I won't continue this old fogey rant, but the simple point is that there
are far worse options than we have now. Of course, I recognise that the
first year of teaching is infuriating -- for just about everyone.
Particularly because your colleagues seem to know so little. In my first
job I redesigned the whole curriculum, unrequested, and presented this to a
staff meeting for their approval. I remember being deeply hurt that no-one
seemed to appreciate what a helpful gesture this had been. So, I did it
again in my next job (and my next, and the next.....). Eventually, I did
get what I wanted -- although the design had changed quite a bit since
then. The point is, it is helpful to look on this as a long haul. Even
though it looks, from the outside, as though the conditions for change and
intervention are there, they aren't. They have to made, each time, and they
have to be constructed politically as well as intellectually and
pedagogically. So this first couple of years has to be seen as if it is a
continuation of the PhD. That was a process of learning how to complete a
large intellectual project; this is a process of learning how to complete a
much larger and more diffuse intellectual and political project, and it
takes a long while to see where the gaps and tolerances in the institutions
actually are. (They will be there, though.)

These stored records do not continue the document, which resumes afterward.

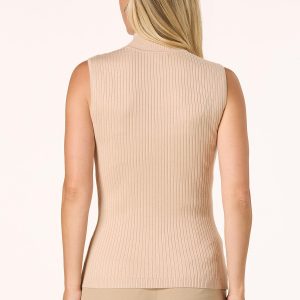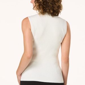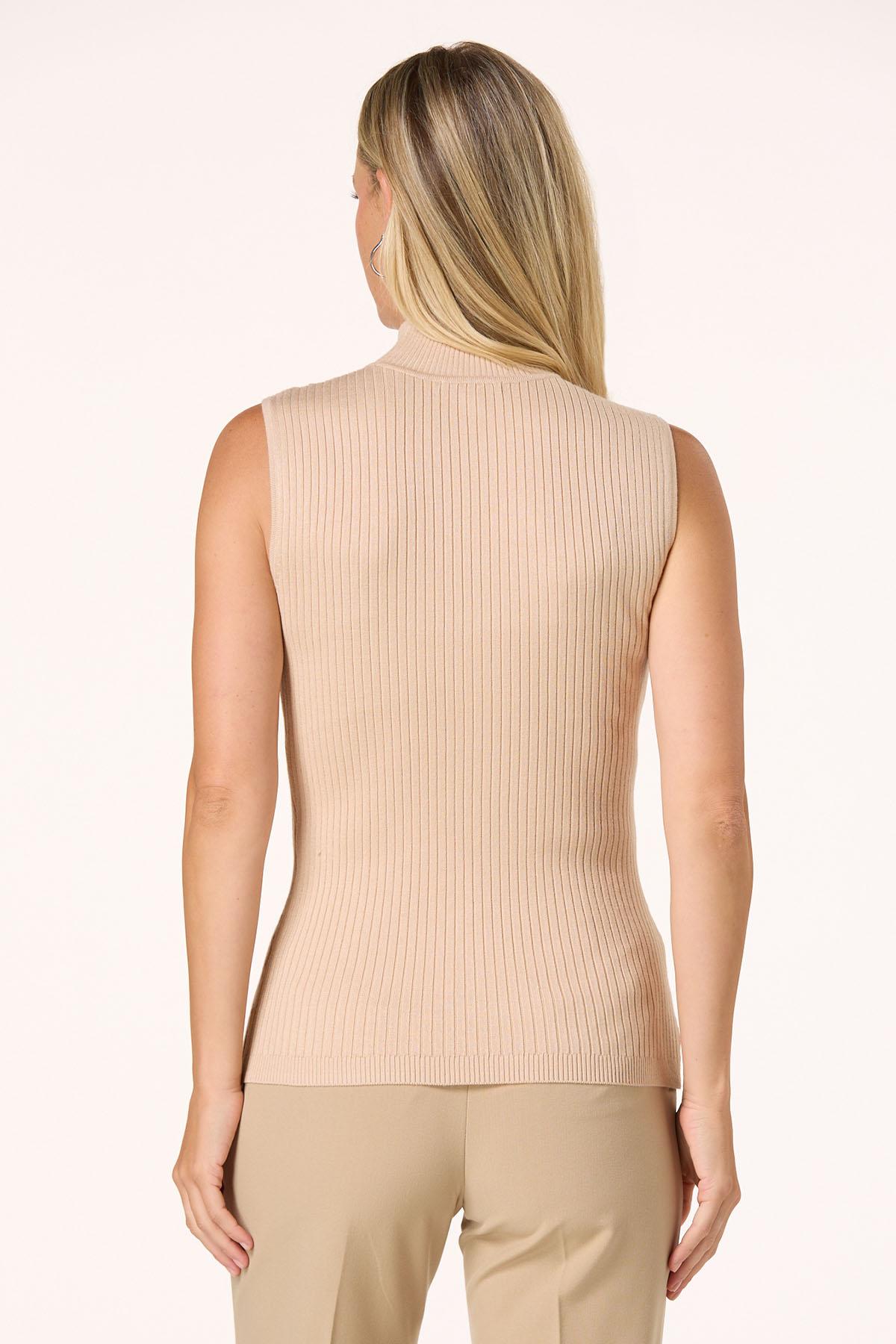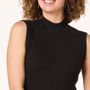 Elevate your everyday essentials with this ribbed sleeveless mock neck sweater. Designed with clean lines and subtle texture, it’s the perfect balance of form and function. Wear it solo or layered under blazers or a jacket for a polished, modern look.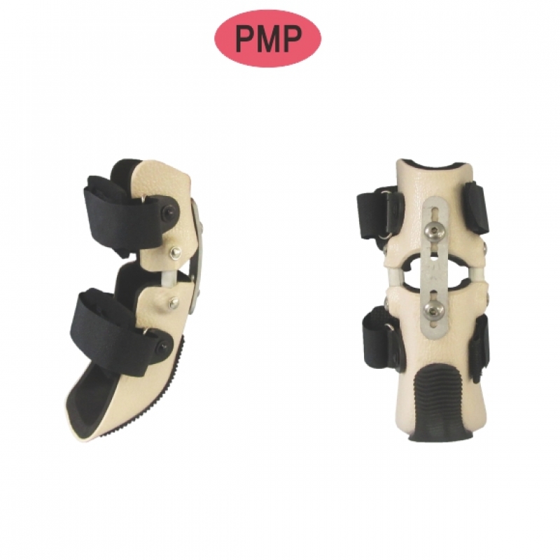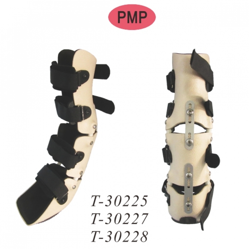 *The adjustable and removable support hinges on the back and side control the flexion and extension of tarsal joint. Used for the correct of tarsal hyperetension, varus or valgus deformities.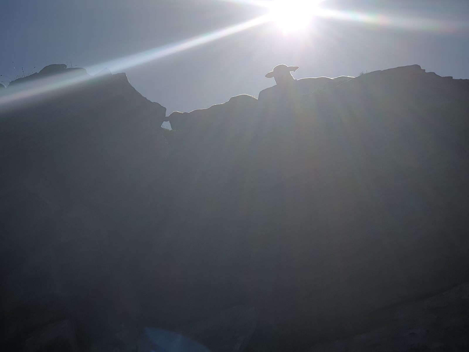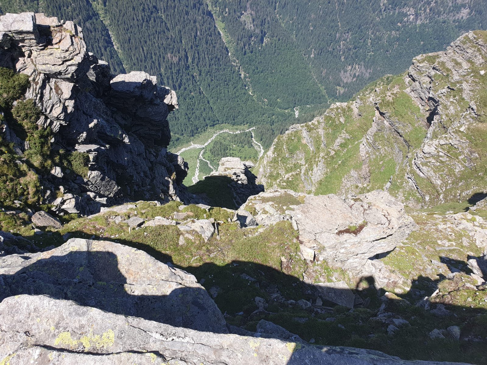 Dem N-Grat entlang steigt man über über sanftes Gelände ab bis kurz vor — eigentlich über — die Forcarella di Lodrino. Dort geht es erst 30 Meter tiefer weiter, und auf den ersten Blick frage ich mich, ob sich der Sprung in die Tiefe vermeiden lasse. Etwas zaghaft taste ich mich in der E-Flanke entlang eines Pfad tiefer, der sich bald als versicherter Abstieg erweist. Das Gelände ist recht ausgesetzt und dabei wird man ganz sicher wach!

The consolation is that you still have your students to yourself. I think
it is easy in these days of research performance indicators to
underestimate how important that relation is, and to overlook how valuable
your teaching is to them at this stage in your career. Also, they are also
the first real audience for your ideas -- not as big as an op-ed perhaps,
but certainly the place to try them out. For what it's worth, my view is
that it is better to leave the institution pretty much alone for the first
few years and focus on getting yourself on top of your teaching -- because
that will be the way to feel that you are doing something worthwhile. In
the meantime, you will be gathering knowledge and power. Then you might not
have to resort to going out to sit on a Welsh beach quite so often.